Va desapareciendo así el cacique torvo, matón, mujeriego y dueño de vidas y haciendas, al estilo Maximiliano Ávila Camacho, para darle paso al “señor funcionario” que da concesiones, hace obras con sus amigos empresarios y roba cuanto puede del erario público. Todo ello con singular hedonismo y alegría, de ahí lo de llamarle el sexenio alegre al de Miguel Valdés.

En ese sexenio proliferaron Gastones Billetes como hongos, tanto en el poder federal como en los estados, principalmente en la persona de los propios gobernadores, todos amigos o compadres del señor presidente.

UNA PAUSA CON EL PRIMER ADOLFO

En uno de muchos misterios, pues sólo el soberano pecho del presidente guardaba las razones para escoger a su sucesor, al “sexenio alegre” de Miguel Alemán le siguió el de Adolfo Ruiz Cortines, un avaro de los dineros públicos, quien se dedicó, según la crónica de la época, a producir frases folklóricas y sentencias filosóficas, no a construir obras.

Este adusto, tacaño, resultó un gobernante de vida totalmente discreta, cuya única pasión era el dominó, y los Gastones Billetes se tuvieron que esperar por lo menos seis años para volver al saqueo del erario público.

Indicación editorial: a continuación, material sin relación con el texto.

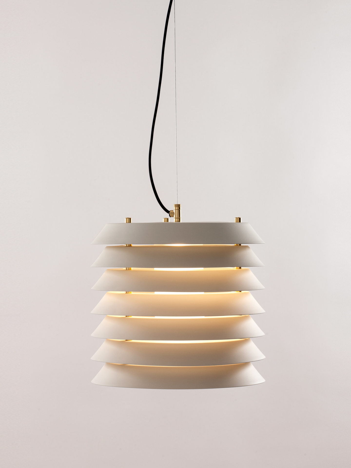 Maija conveys the feeling of light typical of Baltic cities, where the streets are barely illuminated, apart from the light that streams from the windows of homes and shops; from the inside outwards. A tower composed of stacked metal discs through which its inner light filters, vibrant and inviting conversation.

El personaje tuvo una vida tristona y una muerte más bien patética, pero le metió un parón a la corrupción y, por supuesto, dejó buenos números, pero no dejó grandes obras, aunque el “desarrollo estabilizador” ya estaba encaminado.

Vino enseguida el “segundo sexenio alegre” con el segundo de los Adolfos; Adolfo López Mateos, un hombre carismático, de un gran encanto para el pueblo, hedonista, dado a las bellas artes y a las cosas de la vida que producen felicidad. Los problemas le aburrían y, literalmente, le producían terribles dolores de cabeza.

La sátira siempre ha dicho que su lema de gobierno era “viajes y viejas”.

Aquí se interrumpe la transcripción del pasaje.